How to Conduct an Effective Employee Interview
A job interview is the first part of hiring and keeping good workers. Asking the right questions makes you as a manager more likely to select the best candidate for the job. If you don’t have good interviewing skills, you may end up offering a job to someone who is a poor fit for the job or the company. Competition abounds for skilled and talented workers. Therefore, hiring qualified employees has become both an art as well as a science. You must be a good listener, which means knowing how to reframe or redirect a conversation. In addition, you must be able to distinguish between people who want the job and the perfect candidate for the job. Despite the economic volatility of the past few years, conducting a successful interview can help you secure the best candidates for the job. The following tips may help you with the screening process:
Before the interview:
- Prepare. Although it seems obvious, many hiring managers do not familiarize themselves with a candidate’s resume and other paperwork before the interview. Not being familiar with a candidate’s information is not only rude, but also indicates to the candidate that you are disorganized and poorly prepared.
- Create a script. Having several questions prepared beforehand is very valuable. In fact, many human resources departments have prepared sets of questions that can be used as a guide. Even though you are busy (aren’t all managers?), it is very important to ask both open-ended questions as well as those that require detailed responses. For example, it is fine to ask what led the candidate to apply to the position. However, you may learn more from questions like, “Give me an example of when you had trouble meeting a deadline. How did you handle it?” Try to ask a mix of questions to gain insights into the candidates’ behavior, opinions, experience, and backgrounds. Your goal for the interview is to leave the room with a good sense of the candidate’s strengths, weaknesses, likes, and dislikes.
- Know what you’re looking for. Be clear on the skill-set required for the position to avoid asking irrelevant questions and confusing the candidate. Making a list can help you ask pointed questions. When the candidate leaves the interview, he or she should have a sense of whether they would be a good fit for the job.
During the interview:
- Set the tone. Tell the candidates that you are glad to meet them and express your appreciation that they have come in for the interview. Use this time also to explain the interview procedure – and then follow that format as closely as you can.
- Manage your time. Do your best to stick with the schedule set aside for the meeting. However, you should be prepared to jump straight to the conclusion questions if the candidate is not qualified. There is no point wasting either of your time if the candidate is not a good match for the job.
- Listen to your instincts. Some candidates seem too good to be true, while others seem to lack the skills you need. As you assess the interview, be honest about your interviewing performance as well as the candidate’s performance. It may be that you need to pose more pointed questions or ask about different experiences. However, that said, a person’s ability to do a job will not change, no matter what questions you ask.
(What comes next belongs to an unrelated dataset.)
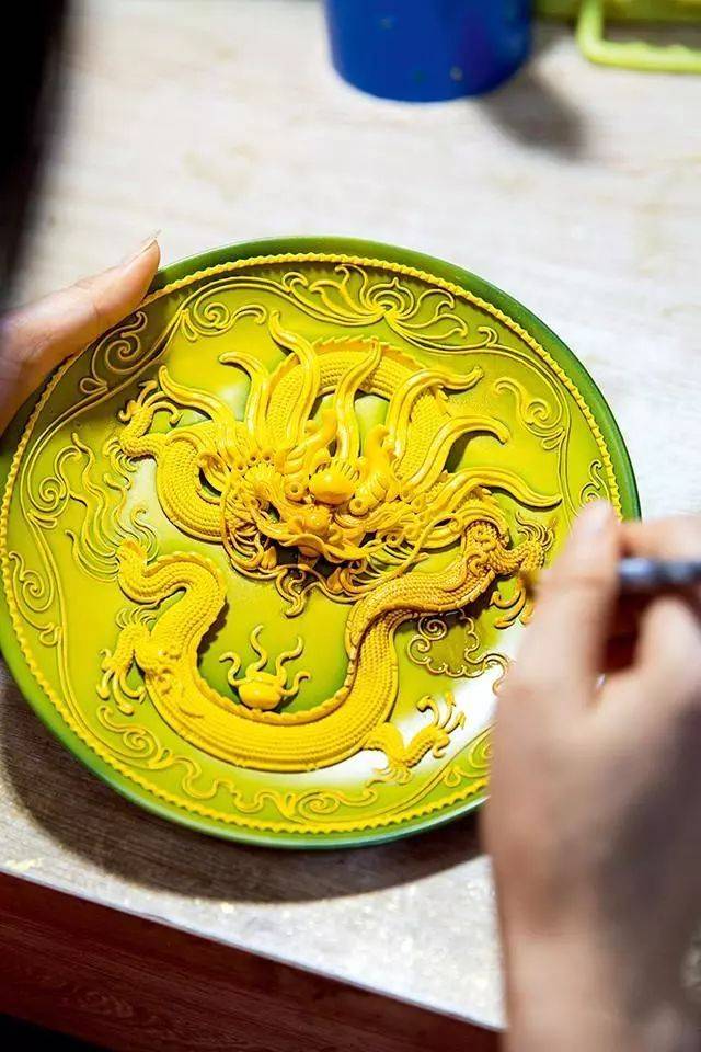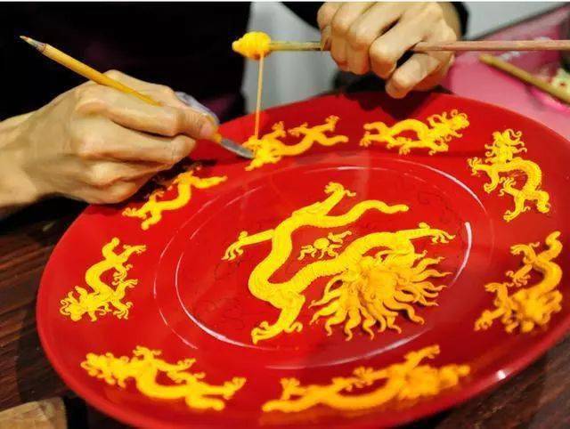 漆线雕以精细的漆线经特殊的制作方法缠绕出各种金碧辉煌的人物及动物形象,尤以民间传统题材,如龙凤、麒麟、云水、缠枝莲等为多。从漆线雕大都只限于木本、漆篮和戏剧道具上,逐渐发展到装饰在盘、瓶、炉等瓷器和玻璃器皿上,琳琅满目,并且不断推陈出新,表层还安贴24K金箔。

- Don’t forget that you are being interviewed as well. You must be aware of the impression you are making on the candidate. You are trying to sell yourself, the company, and the job to the candidates just as they are selling themselves to you. Be ready to talk about the company and the position. The more you know, the better, since the candidates will depend on you to educate them.
After the interview:
- Write it down. No matter what you think, you will not remember everything that is said during an interview. Take notes so that your memory will be triggered when it’s time to review the meeting. The more people you interview for the position, the more important note-taking becomes.
Following these simple steps will help you make accurate decisions when hiring a new employee. More often than not, the person you end up hiring will fit both the job and the company, not just one or the other.